> _Directions_: Give an unaltered copy of the listing below, minus its pictures.

-------- Material provided --------

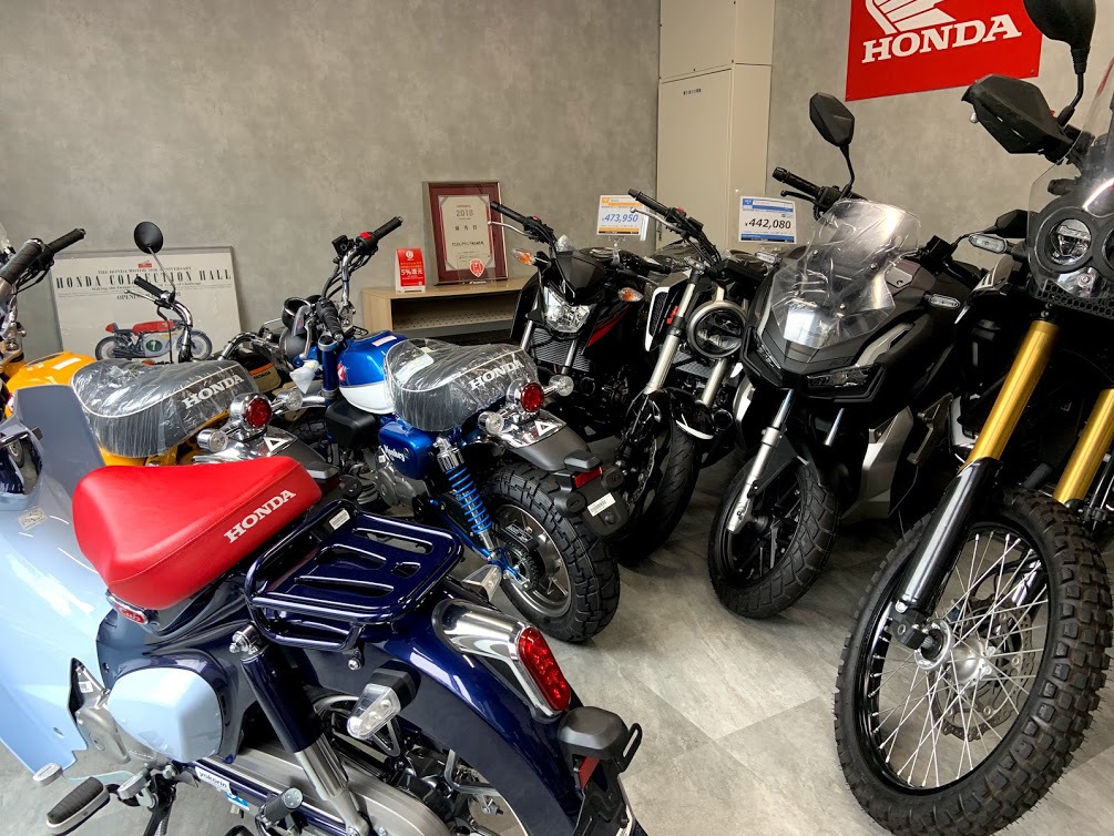 ホンダの車両をメインで扱う横山輪業さん、最近ではカブシリーズも人気車種でC125などの新車も揃っております。
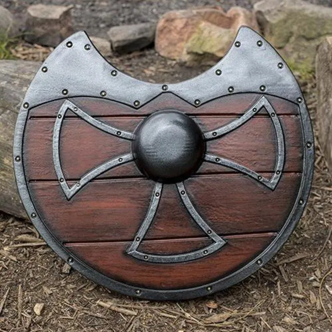 Dieses Larp Schild ist nach historischen Stücken gemacht. Diese LARP Schild ist handgefertigt und gefärbt, so dass jedes Stück ein Unikat ist. Aufgrund des Materials empfehlen wir nicht, es in der Sonne für längere Zeit verlassen.
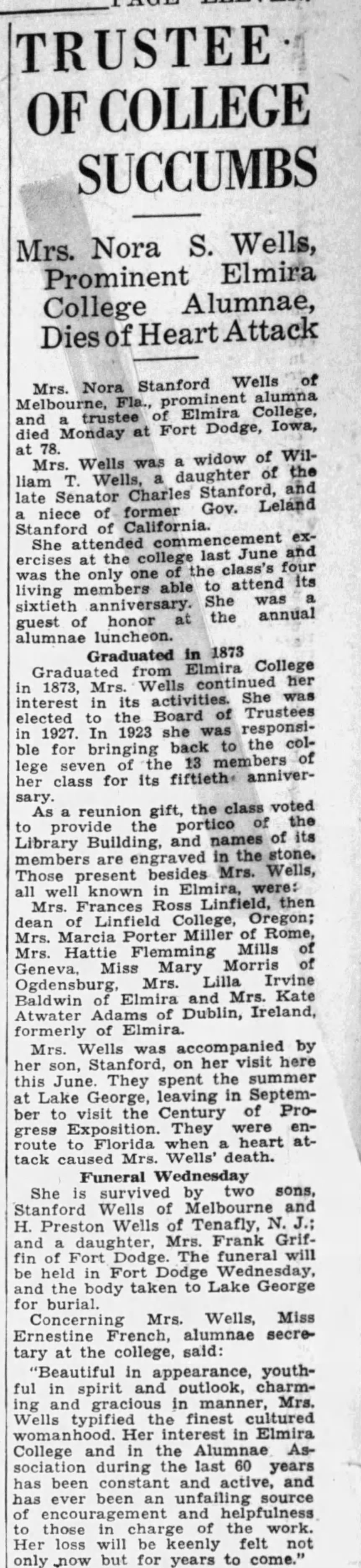 obit Nora Stanford Wells Star-Gazette(Elmira NY) 3 Oct 1933.jpg

--------

> _Solution to this exercise_:
 ホンダの車両をメインで扱う横山輪業さん、最近ではカブシリーズも人気車種でC125などの新車も揃っております。
 Dieses Larp Schild ist nach historischen Stücken gemacht. Diese LARP Schild ist handgefertigt und gefärbt, so dass jedes Stück ein Unikat ist. Aufgrund des Materials empfehlen wir nicht, es in der Sonne für längere Zeit verlassen.
 obit Nora Stanford Wells Star-Gazette(Elmira NY) 3 Oct 1933.jpg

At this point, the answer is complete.